Exact reproduction of the listing is required. Pictures are not reproduced.
-- Data excerpt follows --
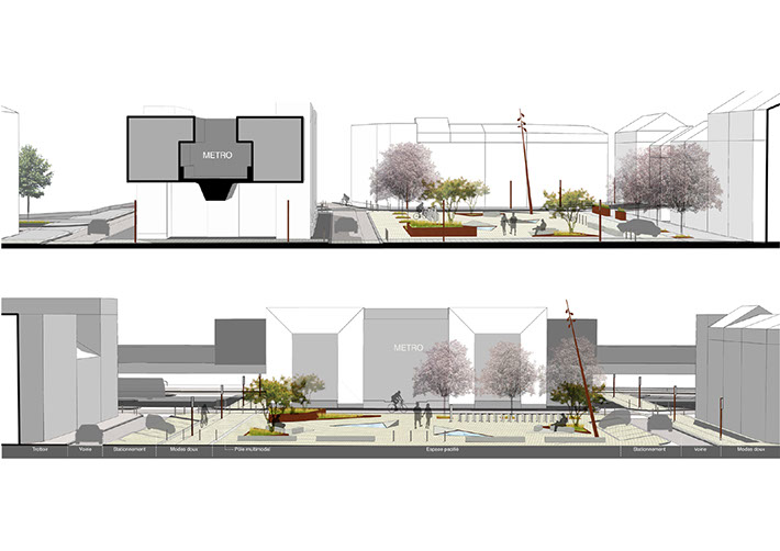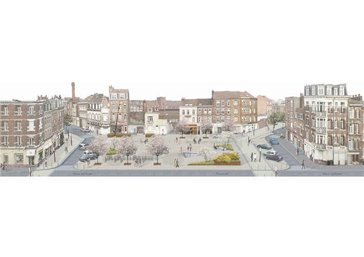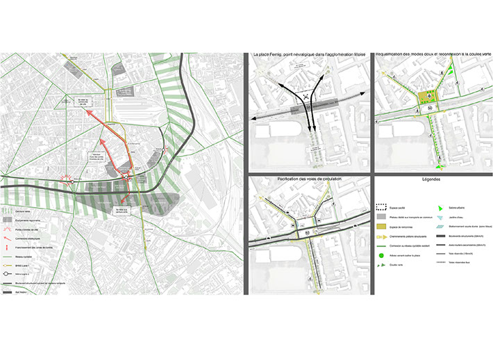 Au cœur d’un quartier dynamique de la ville de Lille, la Place Fernig était confrontée à la nécessité d’une revalorisation d’ensemble afin de reconquérir son statut de place forte au sein d’un territoire en pleine mutation. L’espace était au centre d’une importante infrastructure de transports publics, réunissant à la fois bus et métro, et accueillant par ailleurs les modes doux cyclistes [V’Lille] et piétons. Le projet proposait ainsi de travailler à la fois à l’amélioration de la hiérarchie des voies, mais aussi de favoriser l’interaction avec les différentes fonctions riveraines, et de conforter les liens avec les nouveaux usages.
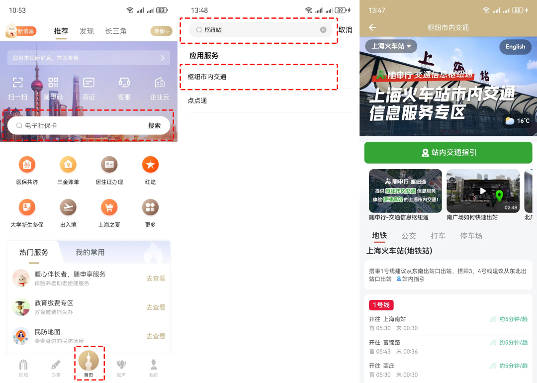 登錄“隨申辦市民云”APP→首頁搜索框中輸入關鍵字“樞紐站”→點擊“樞紐市內交通”進入服務頁面即可體驗 。
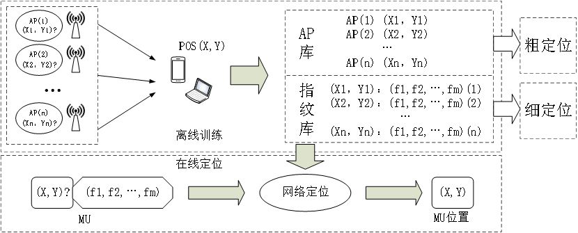 离线训练: 是 在 用户 有 GPS位置 时 采集 周边 的WiFi和基 站( 以下统称 为 AP) 信息 ,通过对 采集数据进行 聚类和关联,得到 两 类 数据产品: AP库和 指纹库;
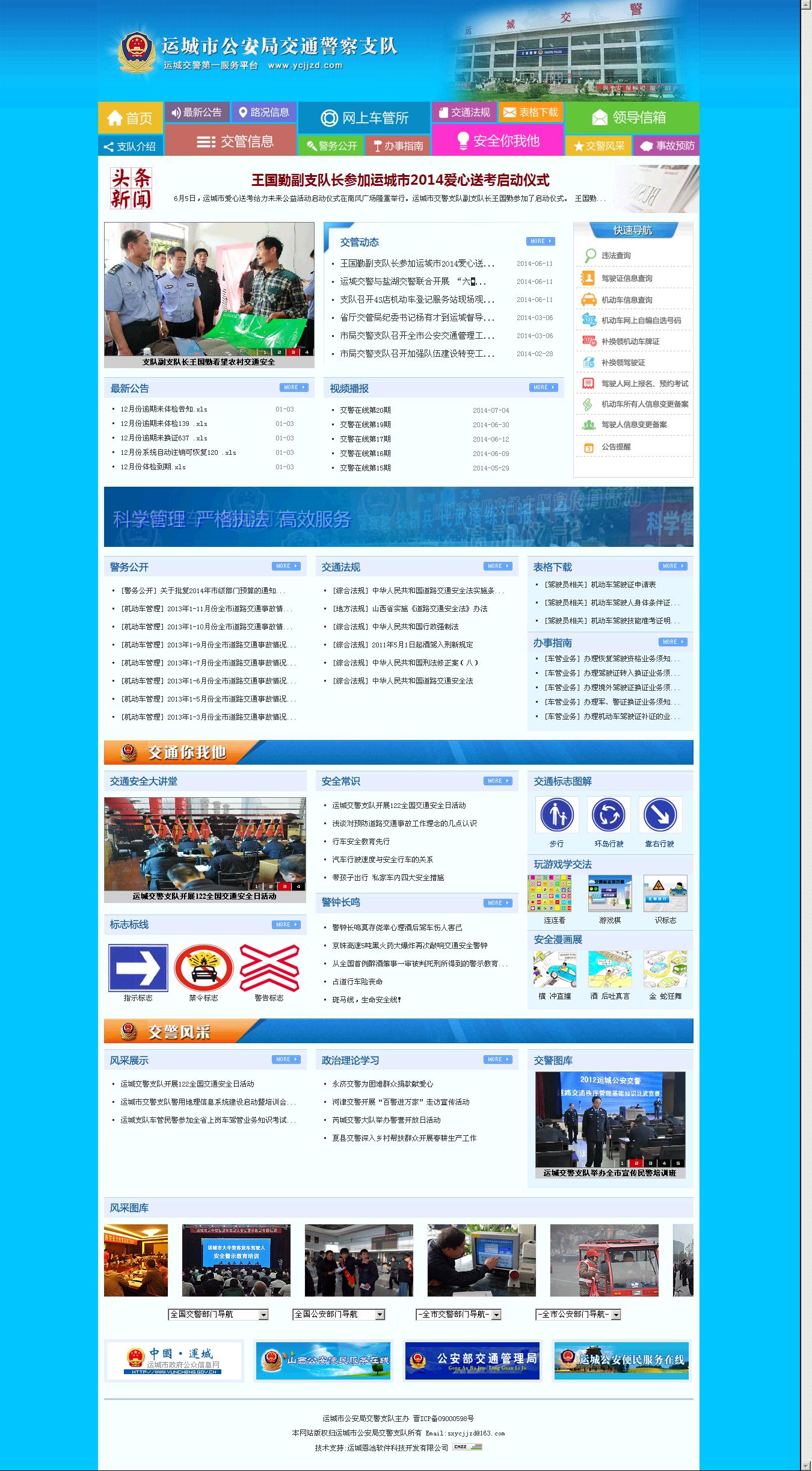 經(jīng)過(guò)2個(gè)月的緊張?jiān)O(shè)計(jì),調(diào)整修改,順利完成運(yùn)城市公安局交通警察支隊(duì)新版內(nèi)外網(wǎng)的更新。
-- Data excerpt concluded --
### Answer
 Au cœur d’un quartier dynamique de la ville de Lille, la Place Fernig était confrontée à la nécessité d’une revalorisation d’ensemble afin de reconquérir son statut de place forte au sein d’un territoire en pleine mutation. L’espace était au centre d’une importante infrastructure de transports publics, réunissant à la fois bus et métro, et accueillant par ailleurs les modes doux cyclistes [V’Lille] et piétons. Le projet proposait ainsi de travailler à la fois à l’amélioration de la hiérarchie des voies, mais aussi de favoriser l’interaction avec les différentes fonctions riveraines, et de conforter les liens avec les nouveaux usages.
 登錄“隨申辦市民云”APP→首頁搜索框中輸入關鍵字“樞紐站”→點擊“樞紐市內交通”進入服務頁面即可體驗 。
 离线训练: 是 在 用户 有 GPS位置 时 采集 周边 的WiFi和基 站( 以下统称 为 AP) 信息 ,通过对 采集数据进行 聚类和关联,得到 两 类 数据产品: AP库和 指纹库;
 經(jīng)過(guò)2個(gè)月的緊張?jiān)O(shè)計(jì),調(diào)整修改,順利完成運(yùn)城市公安局交通警察支隊(duì)新版內(nèi)外網(wǎng)的更新。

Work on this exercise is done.